- _Exercise goal_:
Exactly the lines from the start of the entries through the line with "Lilla Glasæg dekoreret" are required in the output, with no pictures among them.

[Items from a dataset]
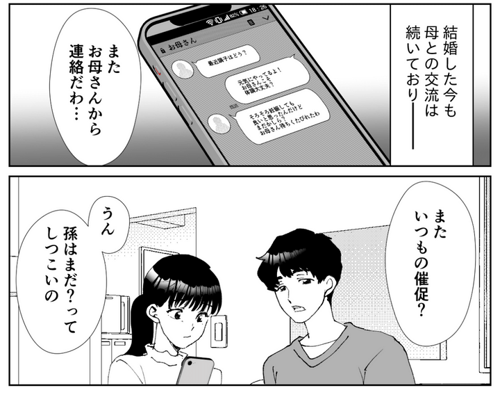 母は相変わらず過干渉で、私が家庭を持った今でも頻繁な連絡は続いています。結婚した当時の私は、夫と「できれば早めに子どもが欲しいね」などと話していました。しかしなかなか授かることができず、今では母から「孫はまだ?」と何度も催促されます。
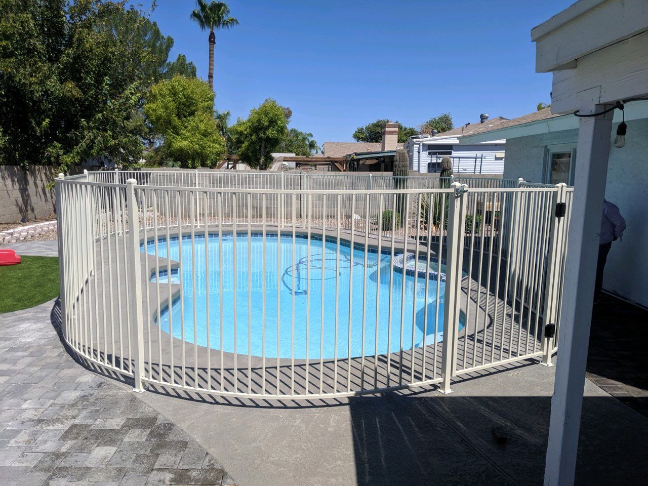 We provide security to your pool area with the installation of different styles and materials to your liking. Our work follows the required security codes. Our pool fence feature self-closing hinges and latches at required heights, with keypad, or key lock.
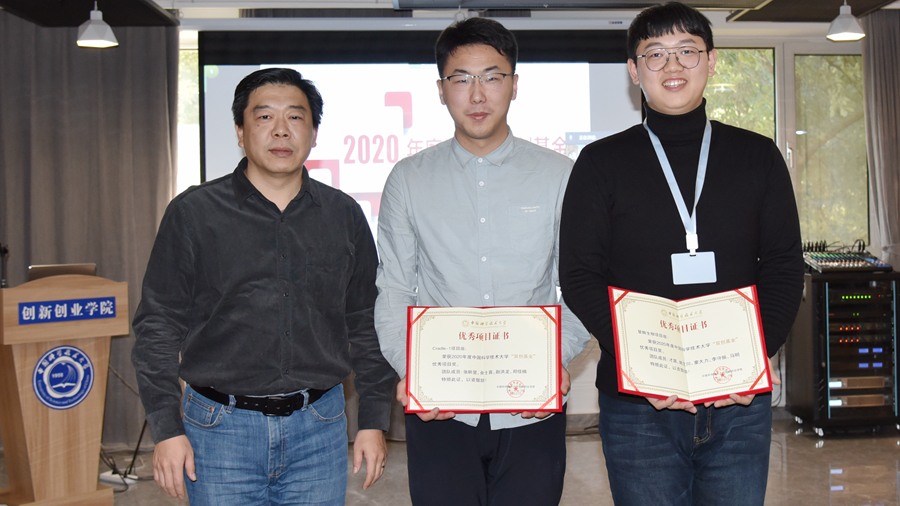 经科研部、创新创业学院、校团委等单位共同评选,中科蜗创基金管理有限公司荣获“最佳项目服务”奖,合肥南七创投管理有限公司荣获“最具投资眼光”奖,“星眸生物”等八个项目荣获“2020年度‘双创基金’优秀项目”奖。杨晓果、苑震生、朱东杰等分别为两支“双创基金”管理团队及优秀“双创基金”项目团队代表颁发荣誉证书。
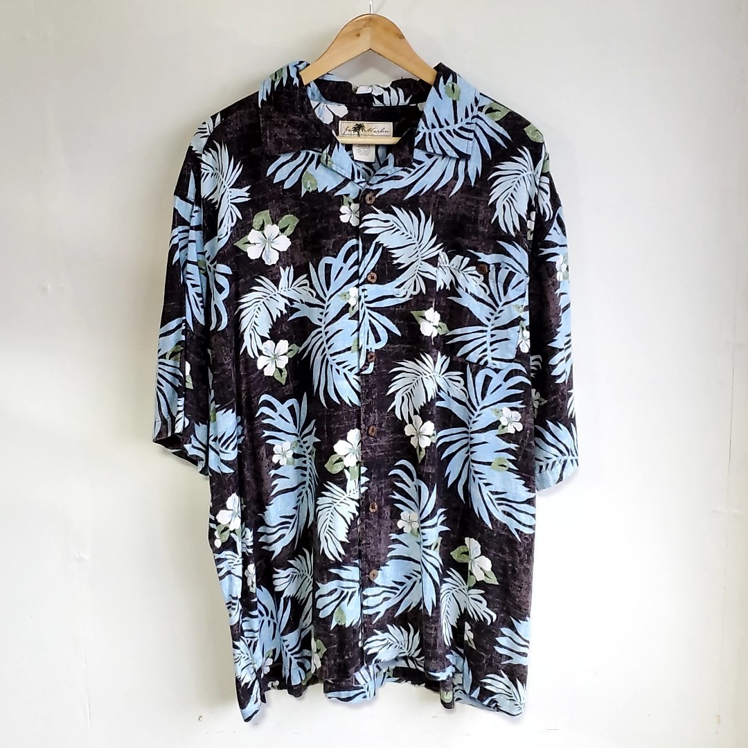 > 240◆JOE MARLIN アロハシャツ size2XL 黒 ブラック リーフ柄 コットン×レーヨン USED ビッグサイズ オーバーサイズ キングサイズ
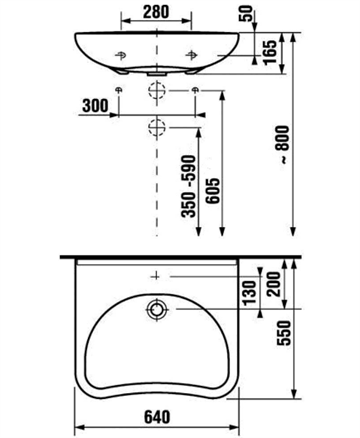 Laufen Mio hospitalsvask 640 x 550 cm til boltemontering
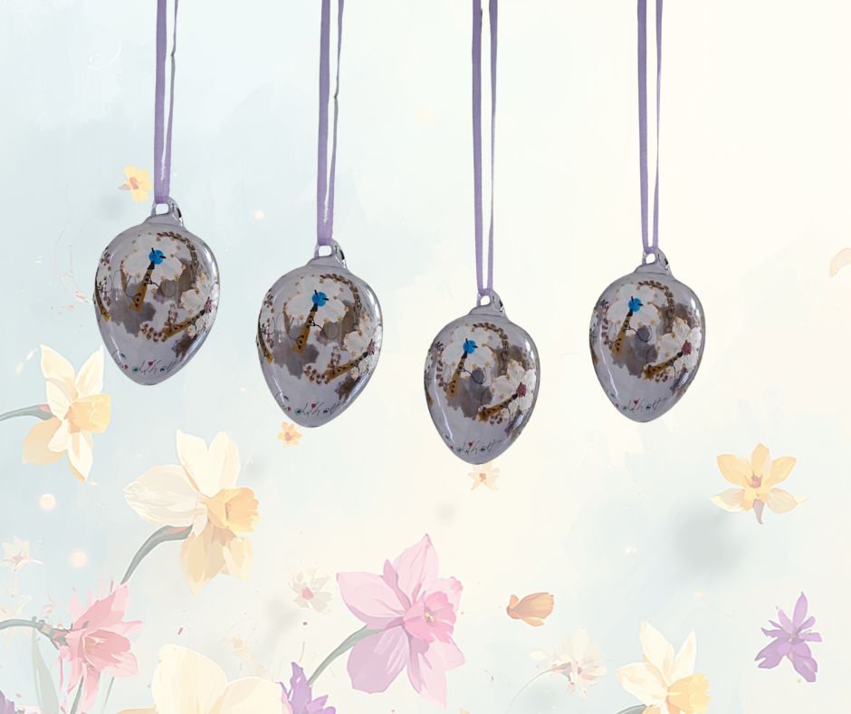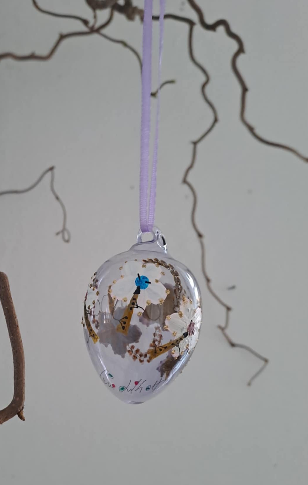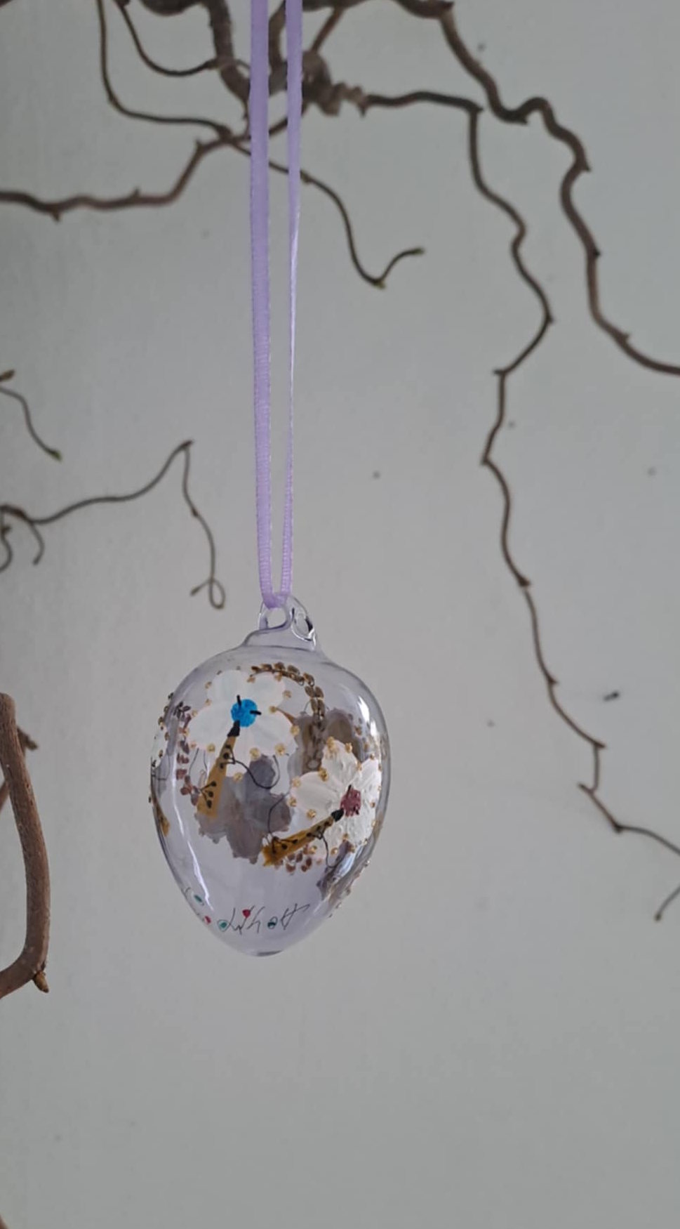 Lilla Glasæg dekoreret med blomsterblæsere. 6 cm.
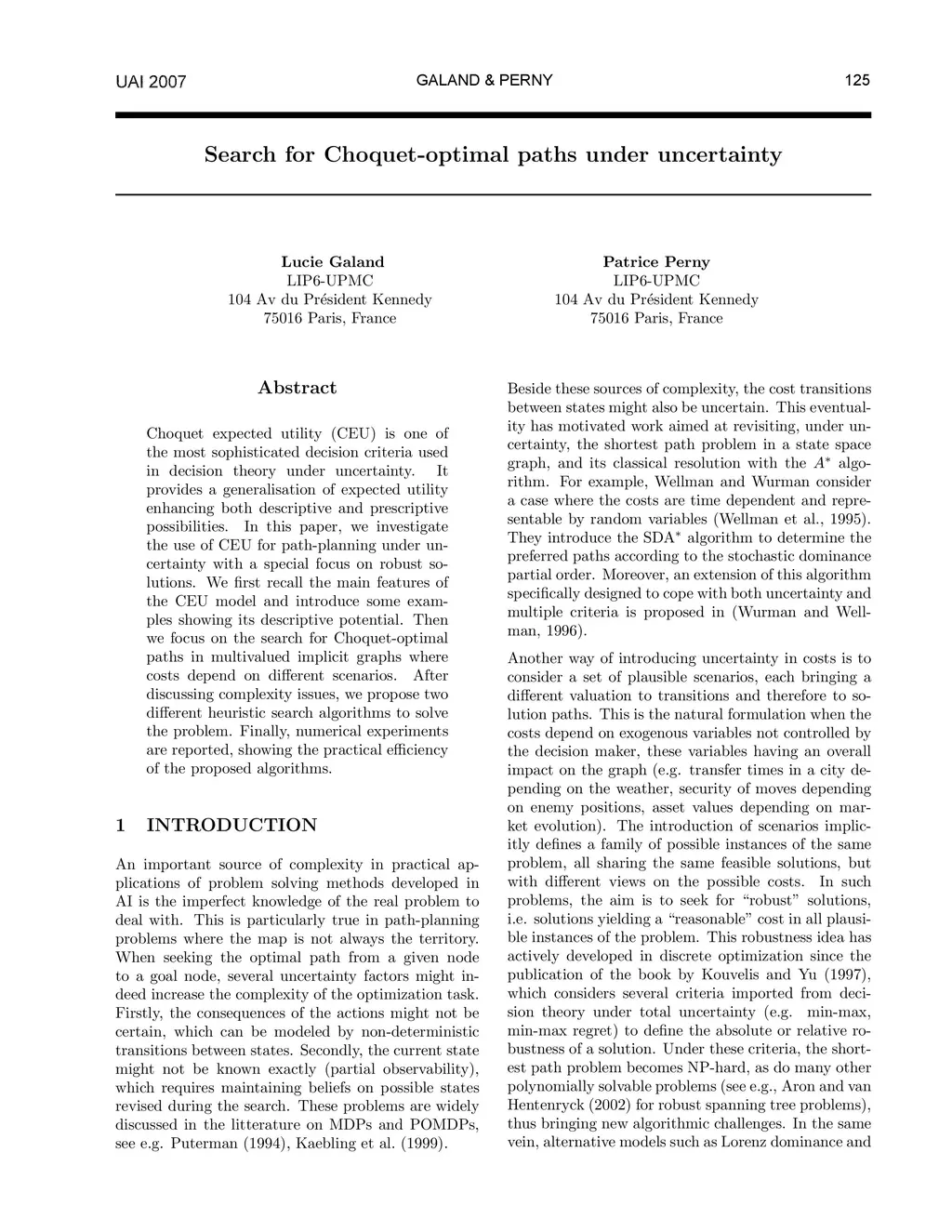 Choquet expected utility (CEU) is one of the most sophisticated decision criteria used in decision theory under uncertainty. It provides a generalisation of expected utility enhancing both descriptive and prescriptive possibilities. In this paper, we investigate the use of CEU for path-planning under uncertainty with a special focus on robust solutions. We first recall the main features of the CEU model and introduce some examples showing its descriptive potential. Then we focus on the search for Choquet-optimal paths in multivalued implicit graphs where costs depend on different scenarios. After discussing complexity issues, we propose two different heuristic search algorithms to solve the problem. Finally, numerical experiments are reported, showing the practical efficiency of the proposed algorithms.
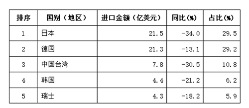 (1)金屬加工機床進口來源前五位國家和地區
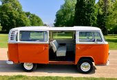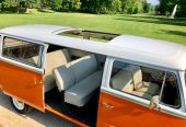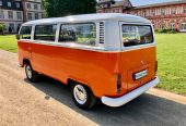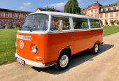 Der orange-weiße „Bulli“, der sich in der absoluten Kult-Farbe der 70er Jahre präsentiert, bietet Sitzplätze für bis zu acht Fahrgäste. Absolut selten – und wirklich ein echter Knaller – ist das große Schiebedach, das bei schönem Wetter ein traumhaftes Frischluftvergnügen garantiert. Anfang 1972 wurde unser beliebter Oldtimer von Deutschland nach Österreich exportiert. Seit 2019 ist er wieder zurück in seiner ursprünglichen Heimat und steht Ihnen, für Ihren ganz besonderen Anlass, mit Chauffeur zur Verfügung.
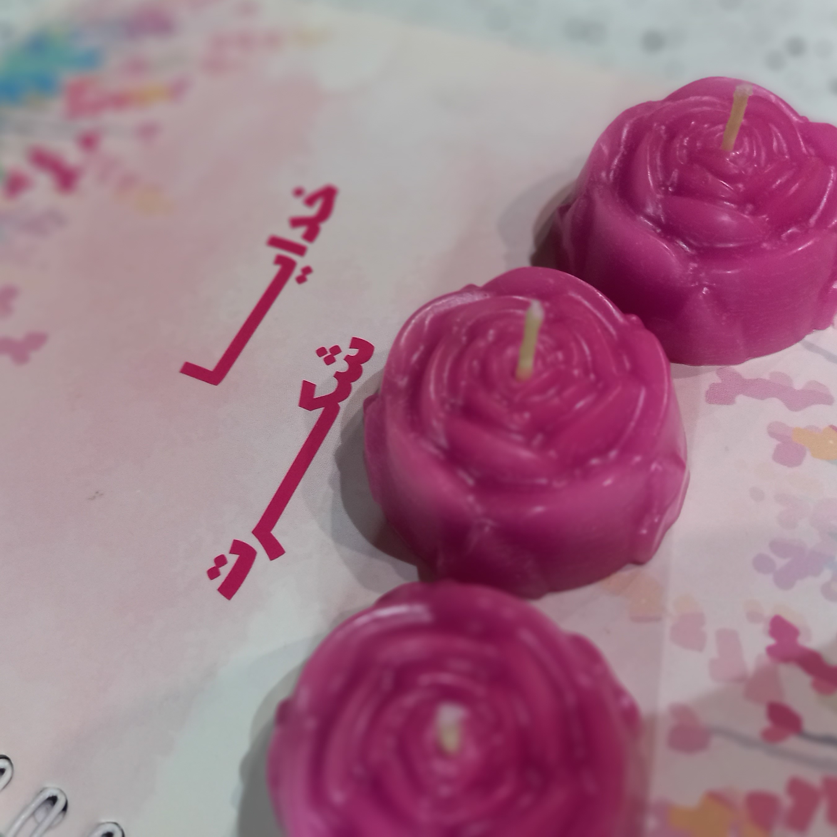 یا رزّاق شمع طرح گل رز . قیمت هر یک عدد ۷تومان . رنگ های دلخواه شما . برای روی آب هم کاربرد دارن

- _Response_:
 母は相変わらず過干渉で、私が家庭を持った今でも頻繁な連絡は続いています。結婚した当時の私は、夫と「できれば早めに子どもが欲しいね」などと話していました。しかしなかなか授かることができず、今では母から「孫はまだ?」と何度も催促されます。
 We provide security to your pool area with the installation of different styles and materials to your liking. Our work follows the required security codes. Our pool fence feature self-closing hinges and latches at required heights, with keypad, or key lock.
 经科研部、创新创业学院、校团委等单位共同评选,中科蜗创基金管理有限公司荣获“最佳项目服务”奖,合肥南七创投管理有限公司荣获“最具投资眼光”奖,“星眸生物”等八个项目荣获“2020年度‘双创基金’优秀项目”奖。杨晓果、苑震生、朱东杰等分别为两支“双创基金”管理团队及优秀“双创基金”项目团队代表颁发荣誉证书。
 > 240◆JOE MARLIN アロハシャツ size2XL 黒 ブラック リーフ柄 コットン×レーヨン USED ビッグサイズ オーバーサイズ キングサイズ
 Laufen Mio hospitalsvask 640 x 550 cm til boltemontering
 Lilla Glasæg dekoreret med blomsterblæsere. 6 cm.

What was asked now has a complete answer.